Im considering getting another fluff and have contacted a few breeders. I especially love the look of Bonnies angels and I have a few questions. To those who have gotten dogs from her I was wondering what your experience was like. Any feedback would be great! If you feel more comfortable please send me pm. Thanks so much! :biggrin:


----------



## Cosy (Feb 9, 2006)

I've had two maltese from Bonnie and both are healthy, adorable, typical maltese personalities and great with other dogs as well. 
Bonnie is a very nice woman but very busy so she doesn't always answer email or calls right away. I tell others to keep calling. Eventually, she gets back to each one. Sometimes she has a long waiting list and sometimes not. She has beautiful pedigrees.


----------



## jenniferhope423 (Jun 25, 2007)

I spoke with Bonnie when I was searching for another baby. She was wonderful! She was so helpful and very nice. Nothing but wonderful things to say about her.


----------



## luvmyfurbaby (Feb 11, 2007)

Are you looking for a little girl or boy?


----------



## cleex1004 (Aug 2, 2008)

I want a little boy. My current malt is a 16mo boy who enjoys cuddling but needs time alone as well. He demands attention and is a bit sensitive to a few things like big dogs. I want a little boy to be like the goofy little brother, very laid back, non reactive and easy going. I was also wondering if her dogs have any problems with tearstaining. I know the few that I have seen from her have very very white faces, like cosy and casanova. I absolutely love her dogs but I am hesitant to add another dog because I want to get the right fit.


----------



## cindy6755 (Mar 20, 2005)

Cookie is from Bonnie, he is a very sweet boy, that loves his mama and loves to play.

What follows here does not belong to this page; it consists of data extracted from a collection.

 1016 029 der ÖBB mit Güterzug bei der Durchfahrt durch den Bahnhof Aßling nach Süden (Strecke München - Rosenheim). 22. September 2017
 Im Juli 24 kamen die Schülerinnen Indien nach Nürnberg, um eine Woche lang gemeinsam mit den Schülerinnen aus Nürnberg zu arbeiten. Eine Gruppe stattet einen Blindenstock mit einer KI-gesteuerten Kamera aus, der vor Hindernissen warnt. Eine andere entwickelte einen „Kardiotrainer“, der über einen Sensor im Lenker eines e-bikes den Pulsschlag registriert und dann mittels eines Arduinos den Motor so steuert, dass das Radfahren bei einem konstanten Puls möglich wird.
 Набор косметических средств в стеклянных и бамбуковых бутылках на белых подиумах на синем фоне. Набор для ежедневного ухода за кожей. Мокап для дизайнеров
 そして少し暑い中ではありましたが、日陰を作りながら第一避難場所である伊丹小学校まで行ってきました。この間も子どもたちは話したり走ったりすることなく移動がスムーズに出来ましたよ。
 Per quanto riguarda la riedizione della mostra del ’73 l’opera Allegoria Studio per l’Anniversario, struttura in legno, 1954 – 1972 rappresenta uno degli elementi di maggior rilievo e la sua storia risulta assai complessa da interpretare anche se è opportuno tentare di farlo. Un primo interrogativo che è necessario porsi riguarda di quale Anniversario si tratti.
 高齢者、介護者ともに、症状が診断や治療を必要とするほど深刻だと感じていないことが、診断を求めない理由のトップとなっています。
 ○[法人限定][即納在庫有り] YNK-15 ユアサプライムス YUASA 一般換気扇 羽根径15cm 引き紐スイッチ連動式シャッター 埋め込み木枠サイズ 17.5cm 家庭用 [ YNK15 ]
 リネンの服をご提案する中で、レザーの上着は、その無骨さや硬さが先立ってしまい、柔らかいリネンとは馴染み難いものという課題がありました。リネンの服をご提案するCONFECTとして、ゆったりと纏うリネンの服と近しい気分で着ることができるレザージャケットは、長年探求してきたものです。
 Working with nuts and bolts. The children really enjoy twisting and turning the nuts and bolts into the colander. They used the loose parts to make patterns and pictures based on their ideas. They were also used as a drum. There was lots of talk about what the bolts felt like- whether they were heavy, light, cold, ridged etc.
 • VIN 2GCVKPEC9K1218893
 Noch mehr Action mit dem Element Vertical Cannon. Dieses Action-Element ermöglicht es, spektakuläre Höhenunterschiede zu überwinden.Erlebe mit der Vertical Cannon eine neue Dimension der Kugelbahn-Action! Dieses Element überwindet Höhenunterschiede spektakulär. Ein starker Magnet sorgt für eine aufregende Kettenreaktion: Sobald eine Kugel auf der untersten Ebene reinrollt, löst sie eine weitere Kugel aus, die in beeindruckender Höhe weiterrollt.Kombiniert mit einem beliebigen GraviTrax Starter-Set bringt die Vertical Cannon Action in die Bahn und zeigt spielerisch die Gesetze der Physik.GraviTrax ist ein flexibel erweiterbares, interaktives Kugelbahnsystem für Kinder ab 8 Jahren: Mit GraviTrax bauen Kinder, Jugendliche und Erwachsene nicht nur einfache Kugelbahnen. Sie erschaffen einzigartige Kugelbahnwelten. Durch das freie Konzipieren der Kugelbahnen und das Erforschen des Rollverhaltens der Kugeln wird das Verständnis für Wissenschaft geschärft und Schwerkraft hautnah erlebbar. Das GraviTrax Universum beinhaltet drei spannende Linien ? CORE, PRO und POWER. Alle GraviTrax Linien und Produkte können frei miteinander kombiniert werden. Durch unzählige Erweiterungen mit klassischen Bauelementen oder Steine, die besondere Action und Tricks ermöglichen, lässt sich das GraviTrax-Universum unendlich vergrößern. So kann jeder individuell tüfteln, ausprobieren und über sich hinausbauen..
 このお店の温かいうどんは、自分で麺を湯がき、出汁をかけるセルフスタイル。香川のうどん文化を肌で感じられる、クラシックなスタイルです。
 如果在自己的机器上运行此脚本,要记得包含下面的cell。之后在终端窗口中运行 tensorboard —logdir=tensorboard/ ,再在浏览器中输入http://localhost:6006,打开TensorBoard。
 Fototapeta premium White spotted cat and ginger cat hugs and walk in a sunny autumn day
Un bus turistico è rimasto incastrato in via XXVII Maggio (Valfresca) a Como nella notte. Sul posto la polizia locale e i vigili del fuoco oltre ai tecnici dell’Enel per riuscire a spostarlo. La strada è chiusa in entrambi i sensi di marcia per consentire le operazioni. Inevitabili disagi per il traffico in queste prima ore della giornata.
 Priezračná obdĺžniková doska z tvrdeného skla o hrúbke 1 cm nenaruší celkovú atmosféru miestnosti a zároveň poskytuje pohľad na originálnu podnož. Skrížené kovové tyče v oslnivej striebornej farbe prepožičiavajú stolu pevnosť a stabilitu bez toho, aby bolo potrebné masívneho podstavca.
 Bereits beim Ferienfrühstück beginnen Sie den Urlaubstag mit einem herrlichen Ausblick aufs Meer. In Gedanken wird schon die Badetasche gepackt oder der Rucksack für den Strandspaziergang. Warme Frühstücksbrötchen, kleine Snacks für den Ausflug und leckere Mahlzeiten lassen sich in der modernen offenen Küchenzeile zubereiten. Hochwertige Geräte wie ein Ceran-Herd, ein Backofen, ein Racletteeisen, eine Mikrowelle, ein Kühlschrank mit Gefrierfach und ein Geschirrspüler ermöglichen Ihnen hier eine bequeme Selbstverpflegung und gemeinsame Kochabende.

He gets along with all the other dogs. He does have tear staining but didn't when I got him from Bonnie. I haven't figured out the cause.


----------



## CeeCee's Mom (Sep 14, 2006)

cindy6755 said:


> Cookie is from Bonnie, he is a very sweet boy, that loves his mama and loves to play. He gets along with all the other dogs. He does have tear staining but didn't when I got him from Bonnie. I haven't figured out the cause.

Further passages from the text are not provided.